(Task goal) The lines in the listing below are to be given again exactly, starting at the line holding "Lady in Red" and ending at the line holding "跨⽂化交流、心理学、会计、经济学及金融、商业管理、语⾔及MBA". Do not include pictures.

● ● ● ●

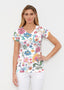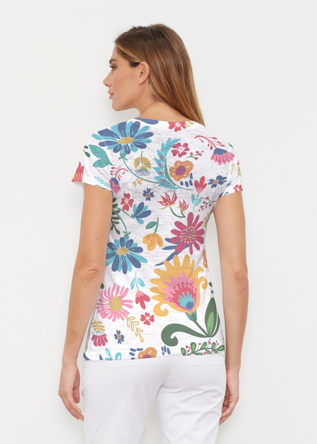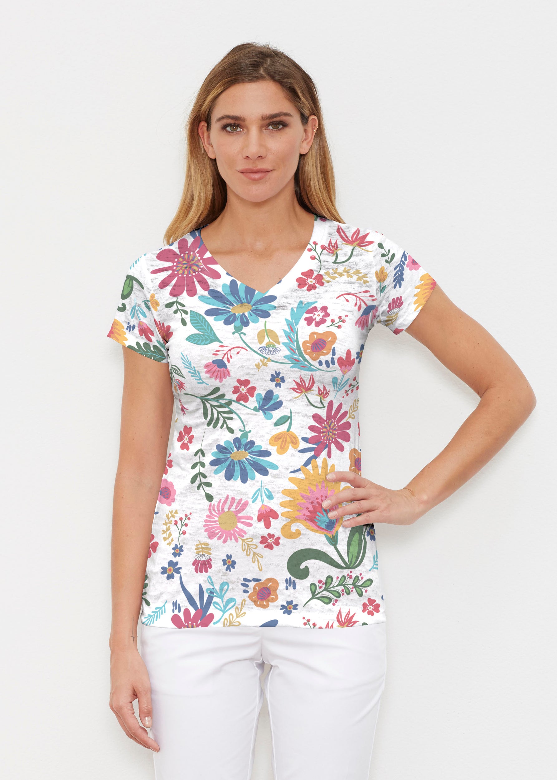 Created in soft, casual burn-out Signature blend, this tee features a subtle v-neck and cap sleeves. -- Your one-of-a-kind garment is created using all-over soft garment sublimation printing. Selected designs are individually printed into your garment. Cotton/Polyester blend.
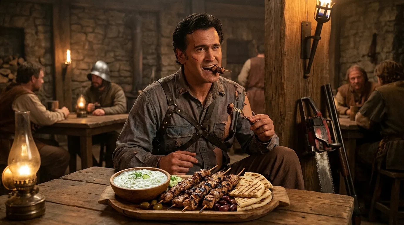 Young Ash stops in a tavern to eat souvlaki with tzatziki.
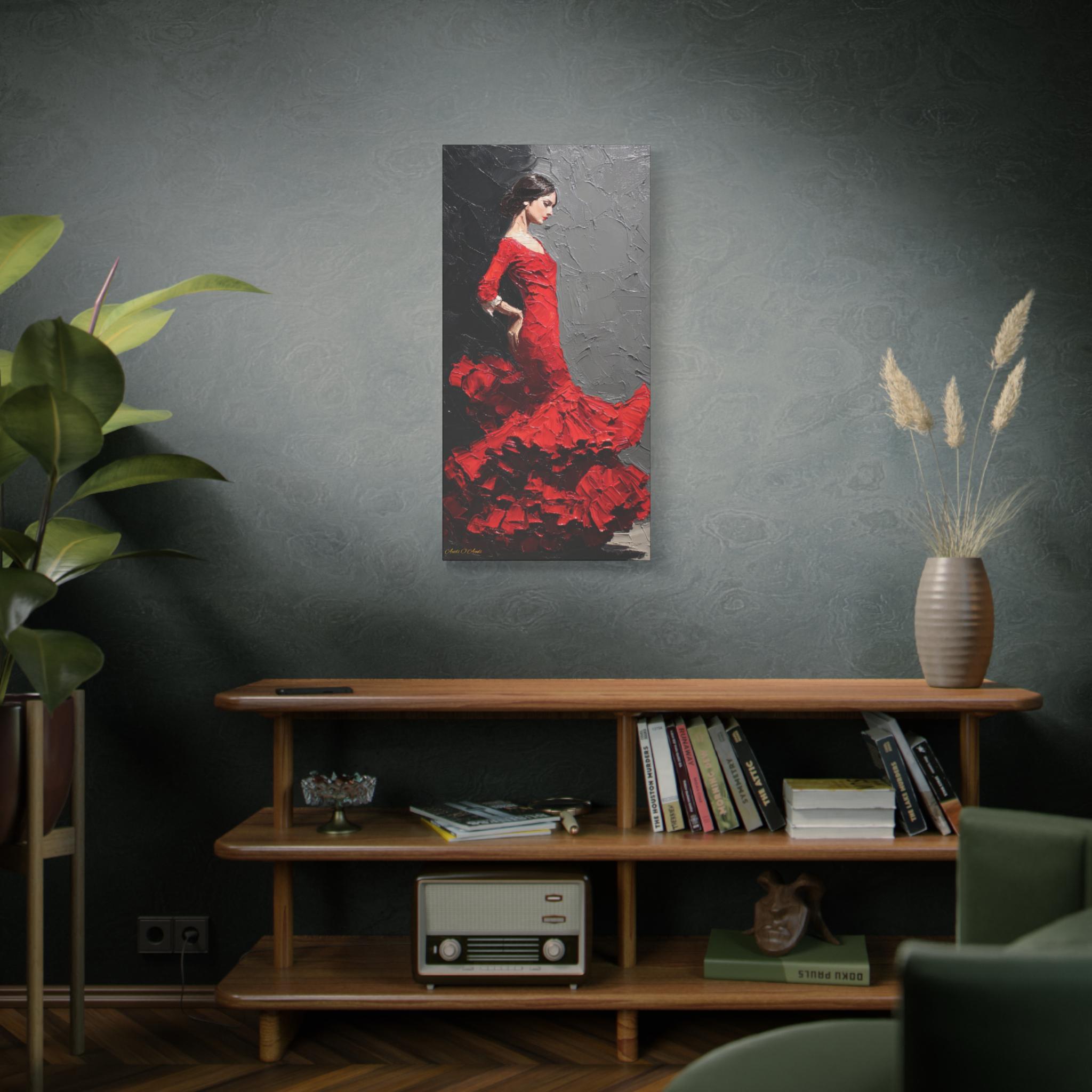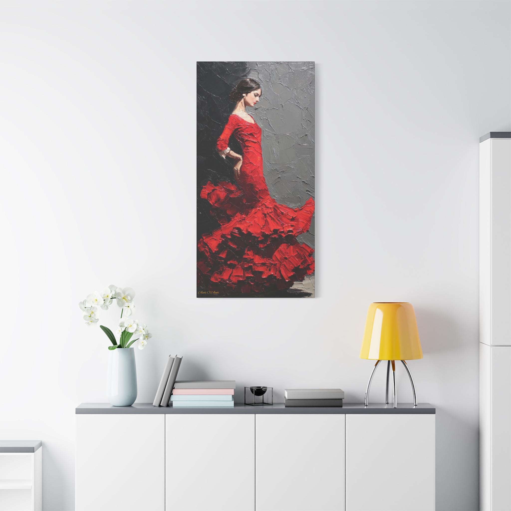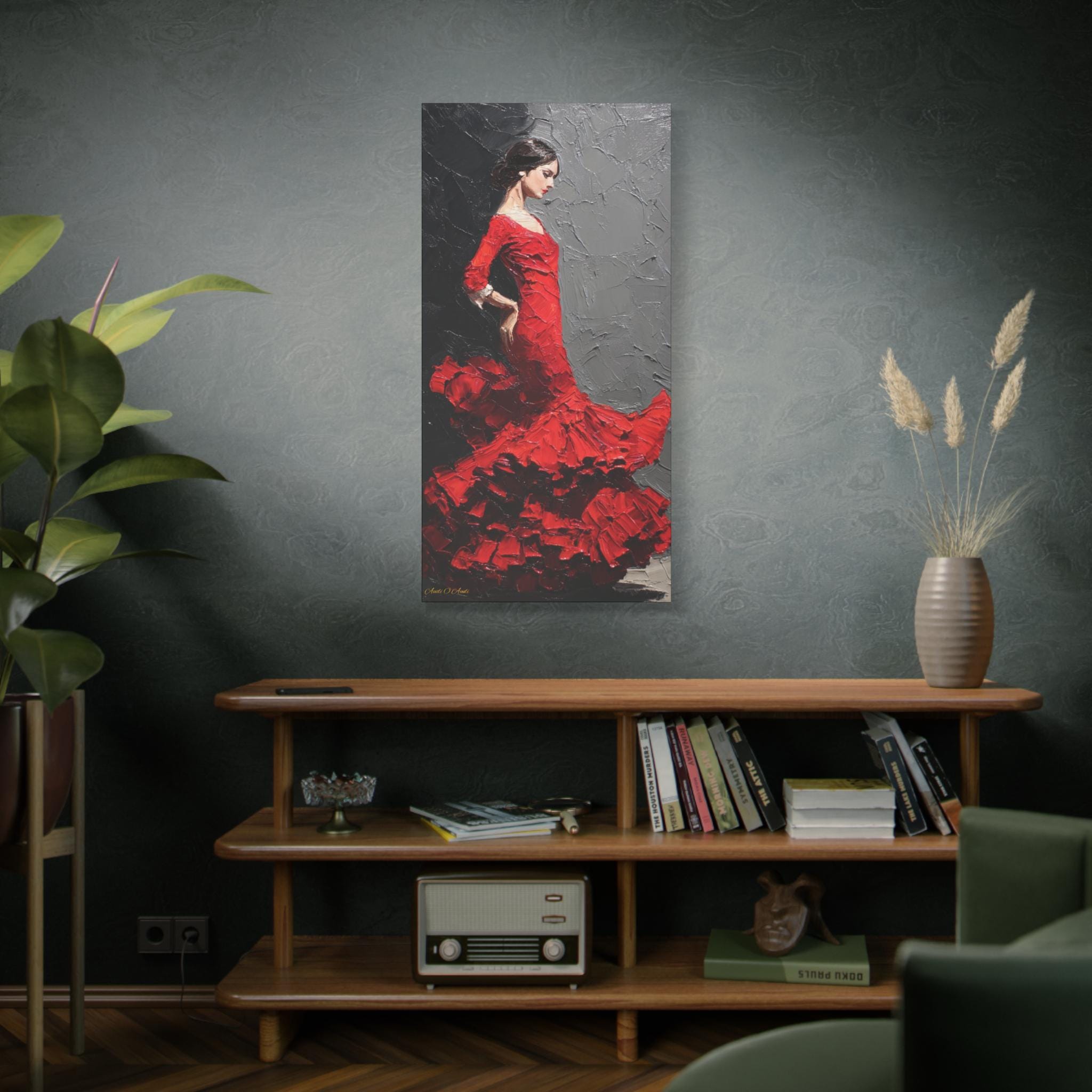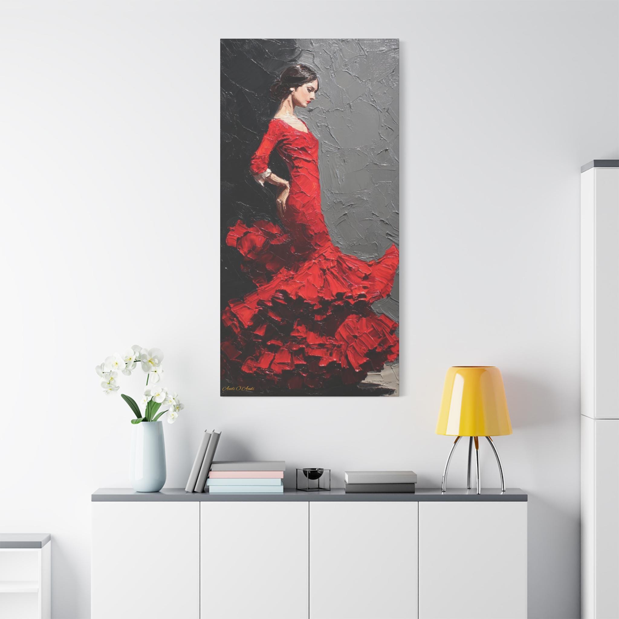 Lady in Red Dress Canvas Wall Art, Flamenco Art, Home Decor, Gift for Dancers, Spanish Dance Decor, Vibrant Art for Living Room
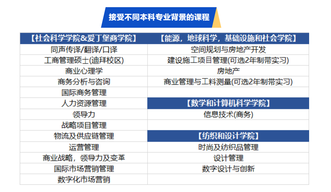 跨⽂化交流、心理学、会计、经济学及金融、商业管理、语⾔及MBA
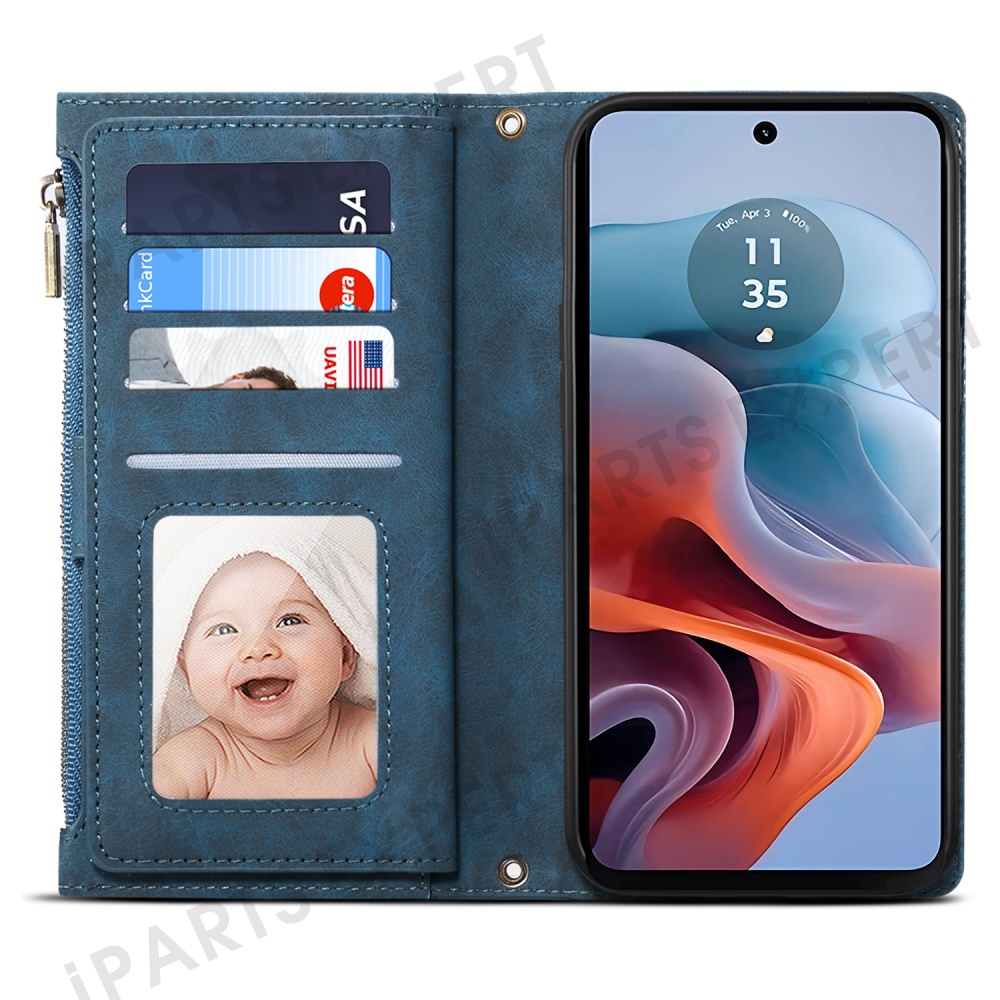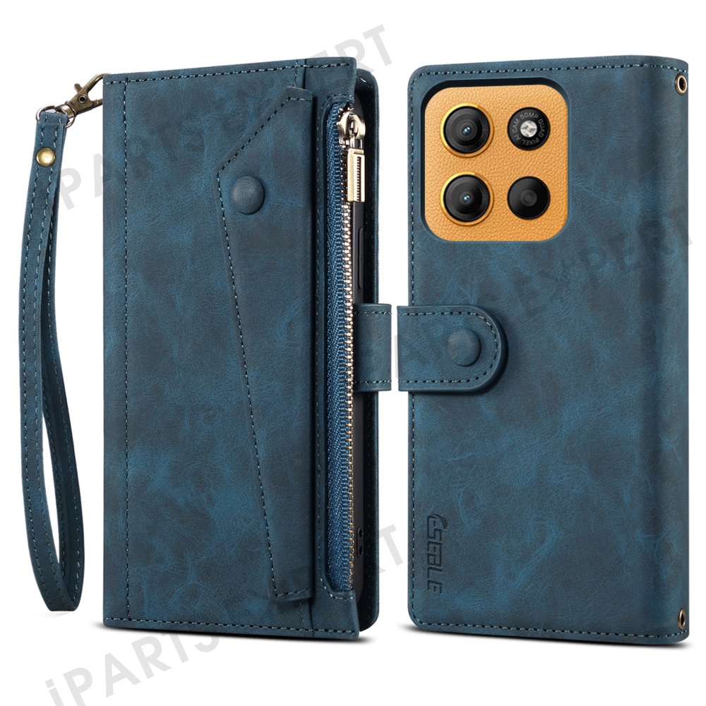 ESEBLE Star Series For Motorola Moto G17 Power 4G / G17 4G / G15 4G Case Zipper Wallet Leather Stand Phone Cover - Blue
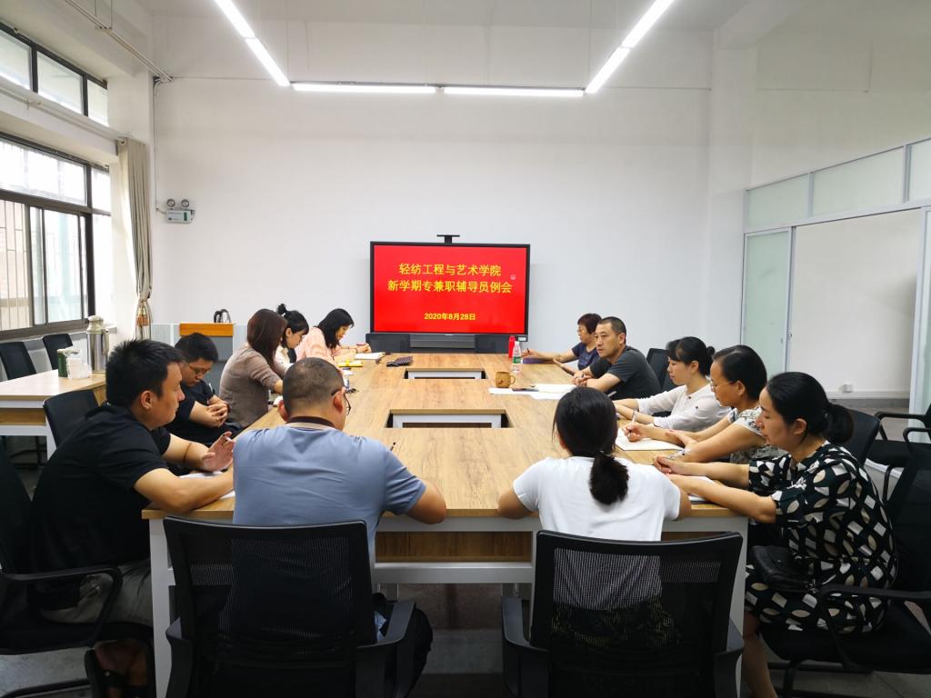 本网讯 8月28日上午,轻纺工程与艺术学院在轻纺楼3A09会议室召开新学期专兼职辅导员工作会议,全体专兼职辅导员参会。会议由院党委副书记、副院长吕剑秋主持。
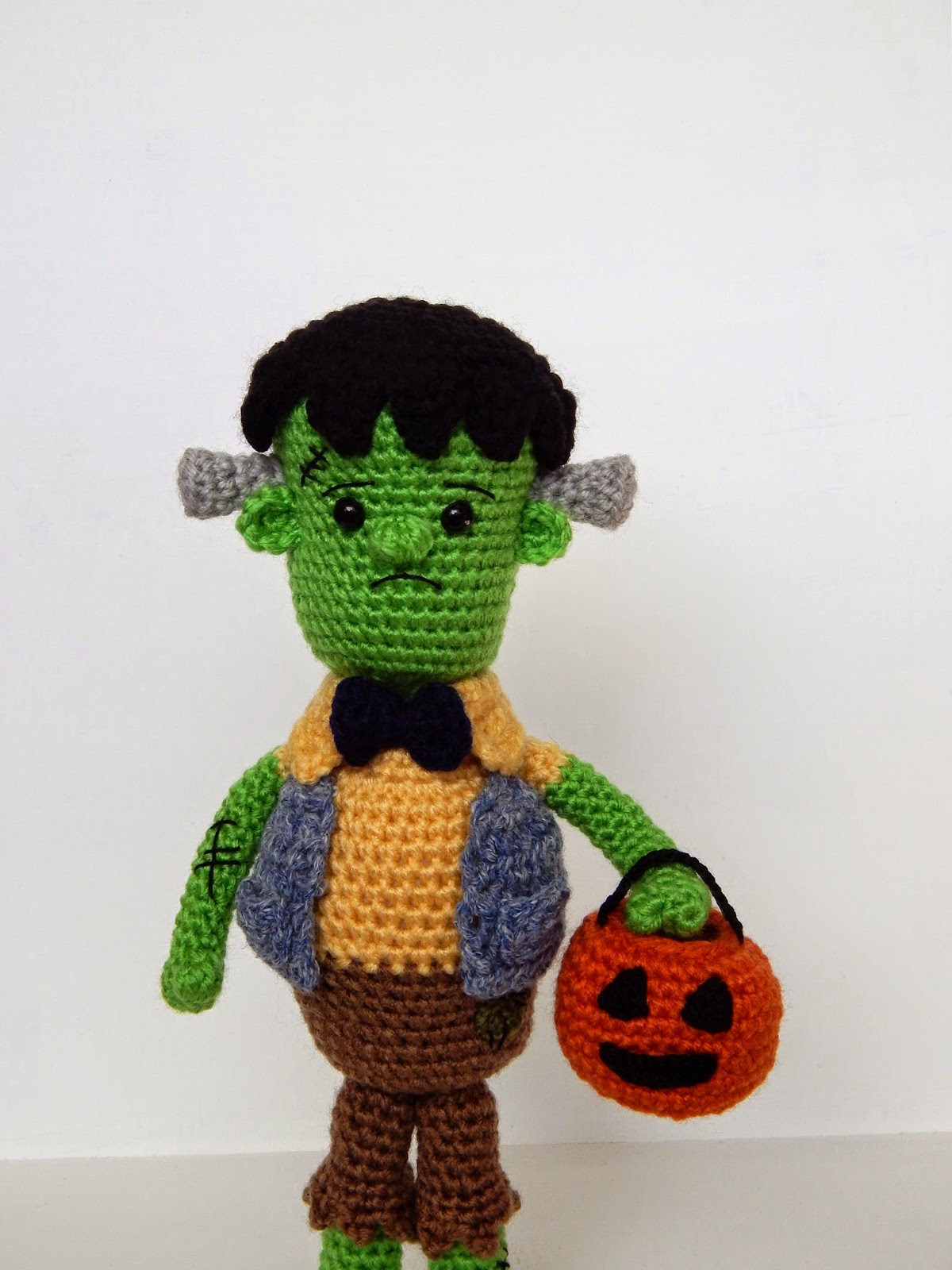 Sew the hair onto your dolls head. Use black crochet thread and sew on eyebrows just above the eyes, and a mouth. Sew on little scars. Attach the ears. Stuff the bolts and sew them just above and behind the ears. Make sure your body is stuffed firmly and sew the head onto the body. Sew the collar onto your doll. Stuff the arms and sew them onto your doll. Sew the soles onto the feet. Stuff the legs and sew them onto your doll. Sew the little patch onto the pants. Lift up the collar, and sew on the bow tie. Sew on the eyes and handle onto your pumpkin. Sew the pockets onto your vest. Weave in all ends and trim them.

● ● ● ●

(Task response)
 Lady in Red Dress Canvas Wall Art, Flamenco Art, Home Decor, Gift for Dancers, Spanish Dance Decor, Vibrant Art for Living Room
 跨⽂化交流、心理学、会计、经济学及金融、商业管理、语⾔及MBA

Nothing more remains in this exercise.